12   極楽は日が短い(二)
更新日時:
2004/12/31(金)
 
 同じ表題で「Essay」2001年10月9日に小文をしたためたので、今回はその続編とでも云うか‥。
 
 極楽のなかにいる者はそこが極楽であるとは知らぬ。そこが極楽だったとわかるのは、そこから別の場所へと移動したとき、つまりは状況が一変したときである。ちかくは、金に不自由せず快適な暮らしをしていた者が困窮をきわめたとき、とおくは、厄災に遭遇し辛酸を舐めたり、生き地獄を見て人は極楽を知るのである。そしてまた、個人差はあろうが、ある年代に達したとき、極楽は日が短いことを知る。
 
 極楽は日が短い。物理的時間といった観点からもそう明言できるが、心的時間からも言いきれるように思う。五十年の長きにわたって極楽にいた人が晩年にさしかかったころ、わずか二、三年の辛苦を味わったとする。二、三年にくらべれば五十年は長い、にもかかわらず、極楽滞在五十年は短いと思うのである。過ぎてみれば五十年は瞬時、それにひきかえ、艱難辛苦の数年はあまりに長いと感じる。心的時間とはそういうものである。
 
 そういう類の時間のことをついでにいうなら、初対面同士がおおむね相手を知るには小一時間もあれば十分である。この場合の「知る」は理解するということではない、相手の波長が自分の波長と合うか合わないかを知るという意味だ。波長が合う合わないは、相性が合う合わないと似て異なる。
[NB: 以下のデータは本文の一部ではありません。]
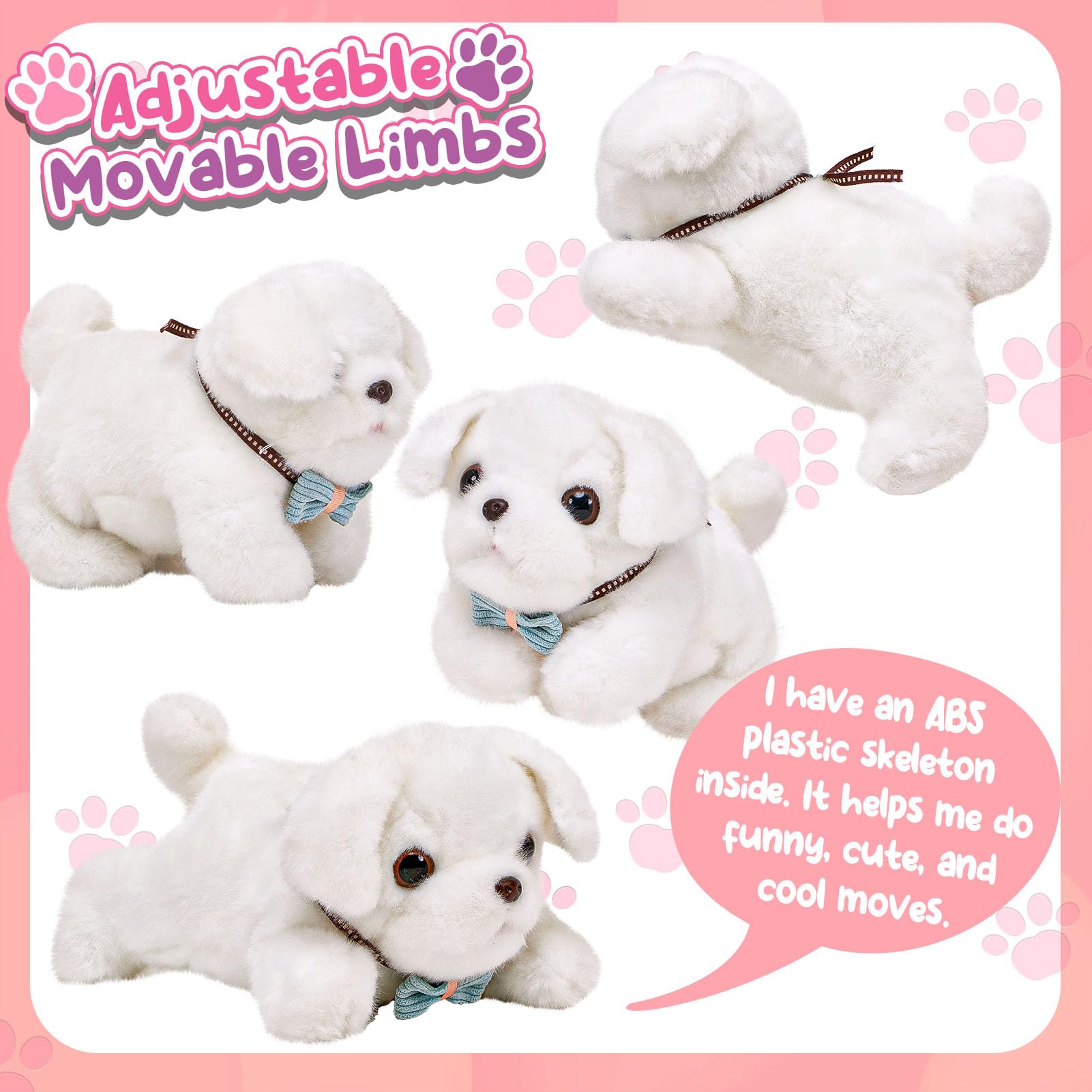 Golray Toy Dog for Kids Girls, Stuffed Dog with Heart Beat & Skeleton Transform, Sling Carrier & Toddler Girl Toy Kid Plush Pupp
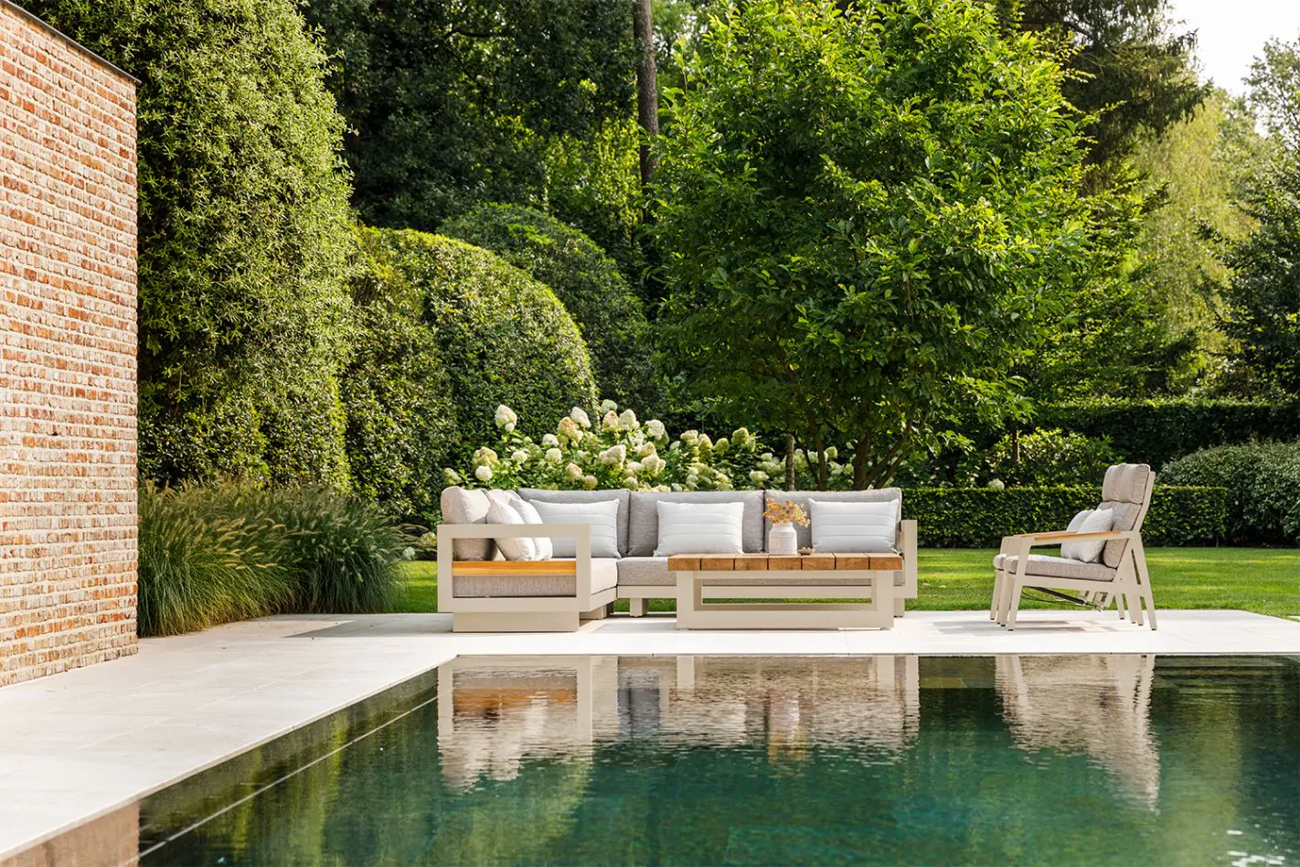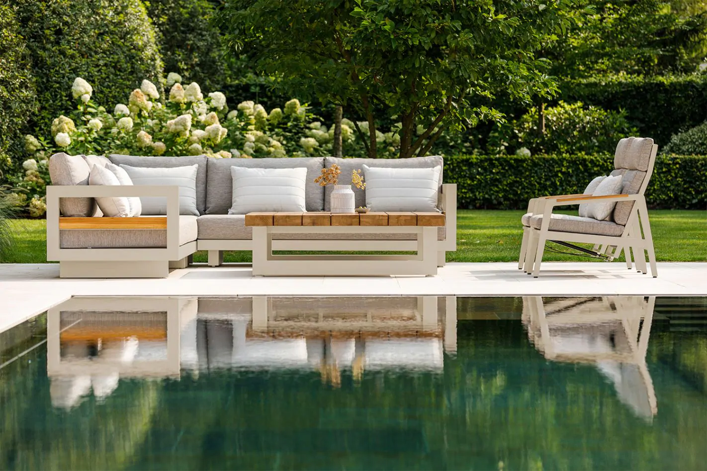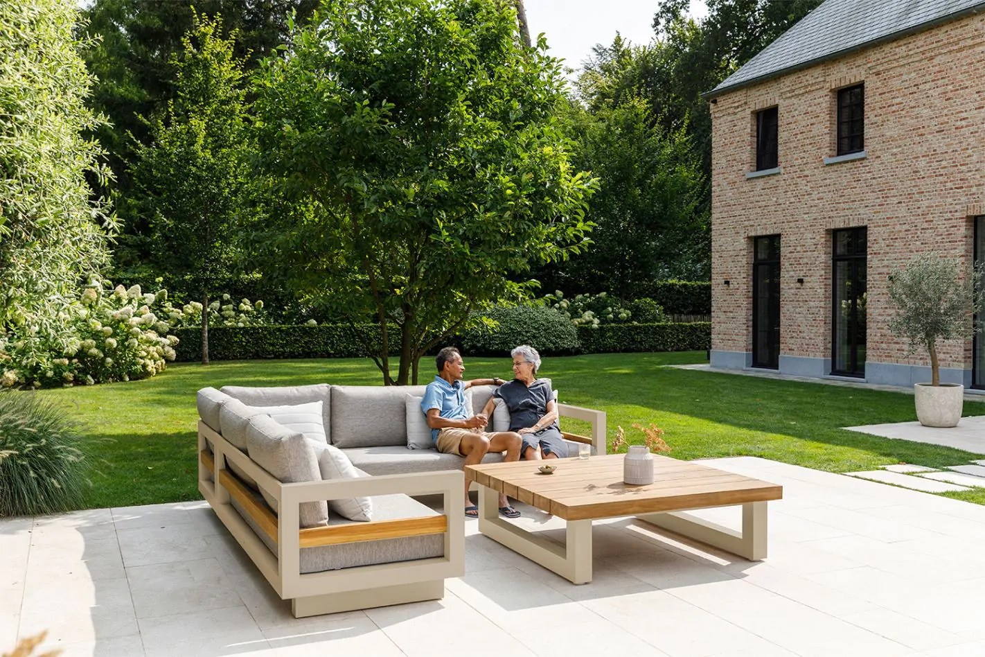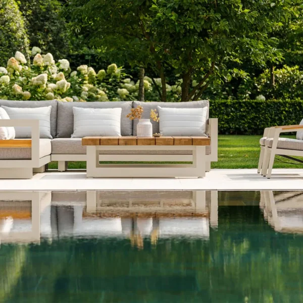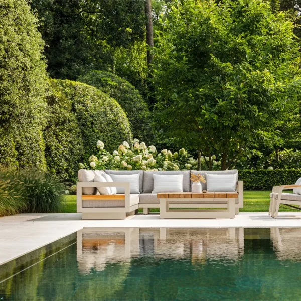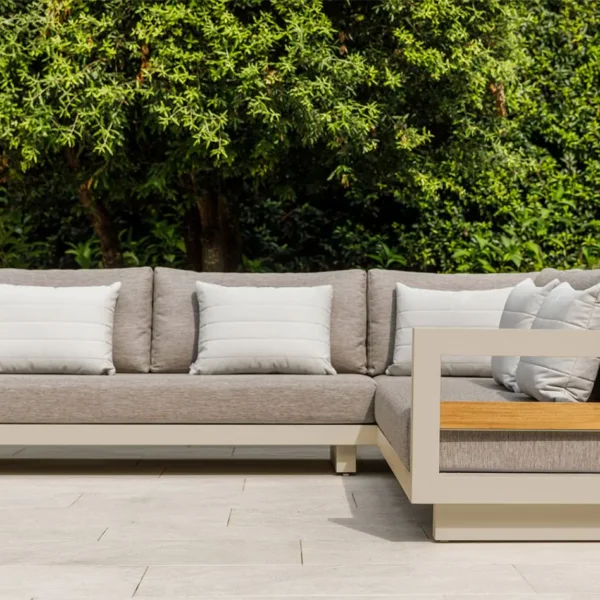 Konstrukcija iz aluminija v bež barvi zagotavlja odlično odpornost proti vremenskim vplivom, medtem ko leseni detajli iz tikovine dodajo naraven in topel pridih. Mehke blazine v tkanini Soltex omogočajo popolno udobje in sprostitev, lesena mizica pa dopolnjuje celoten set, ki ustvarja popoln prostor za uživanje v družbi prijateljev in družine.

波長が合わないからといっても、おたがいの人生を左右しはしまい。だが、相性が合わないとたがいの人生に大きな影響をおよぼす。ありていにいえば、日々の生活に齟齬をきたし、そのままそれを放置すると、その後の生き方に狂いが生じることもある。
 
 そういうと、私たちは相性が合うから安心と早合点する人もいるだろう。ところが、相性が合いすぎるのが災いの元凶ということもある。何いってるのかわかんない、という御仁は「My Memories」2004年2月の「相性のよさが不幸を招く(1)〜(3)」をお読みいただきたい。洩漏かつ尾籠のきわみかとも思うが実感である。
 
 波長の合う者同士がたまさか激論を交わすこともあるし、激論のすえにしばしお別れということもなくはないが、相性のぴったり合う者同士は議論にもならない。同じ主題からみちびかれる結論はおおよそ同じであるし、途中の寄り道的意見さえもが同じということもある。これを同道者という人もいる。
 
 波長が合えば、相手の考えがスムーズにつたわってくる。逆に合わなければ、相手のいいかげんさやウソがすぐわかり嫌気がさす。それが波長が合わないということであってみれば、波長はその人の嗜好にも影響をあたえる。いや、もしかしたら、嗜好が波長にはたらきかけるのかもしれぬが、ともあれ、波長の合う合わぬを軽視できないだろう。
 
 さて、極楽は日が短いという認識はすでに私たちが子供のころ感じていたことで、むろん今のようにはっきりとした認識の仕方ではなく、漠然とそう意識していたことは論より証拠、月曜から金曜までの放課後と土日(私が小学生のころは週休一日制でした)は短く、それ以外の時間のなんと長かったことか。
 
 老いとは時間にめざめることである。過ぎた時間と残りの時間のどちらが多いかを知ることである。八十歳をすぎてなお、心的時間のたっぷりあると思える人はしあわせこの上ない、金銭面で余裕があって、健康面でも特に心配がないからである。
 
 心的時間は物理的時間より優位を占める。ふつうに考えれば、物理的時間の残りすくなくなった八十すぎの老人が矍鑠(かくしゃく)とし、まだ三十年から四十年ほど生きそうないきおいで処世に取り組むのは、時間にめざめる回路が欠落しているとしか思えない。しかし当人からすれば回路の欠落どころか、心的時間の異様な長さが回路に割りふりされており、この世は寝ても極楽、起きても極楽なのである。
 
 そういう例外もないわけのものではない、が、森羅万象ことごとく陰陽でなりたち、つまりは、吐く息と吸う息、動脈と静脈、昼と夜、満月と新月、誕生と死、プラスとマイナス、男と女。そういった陰陽すべてを慈しみ、愛してゆくから、たがいに生かされ、生きてゆくから、だから極楽は日が短いのかもしれない。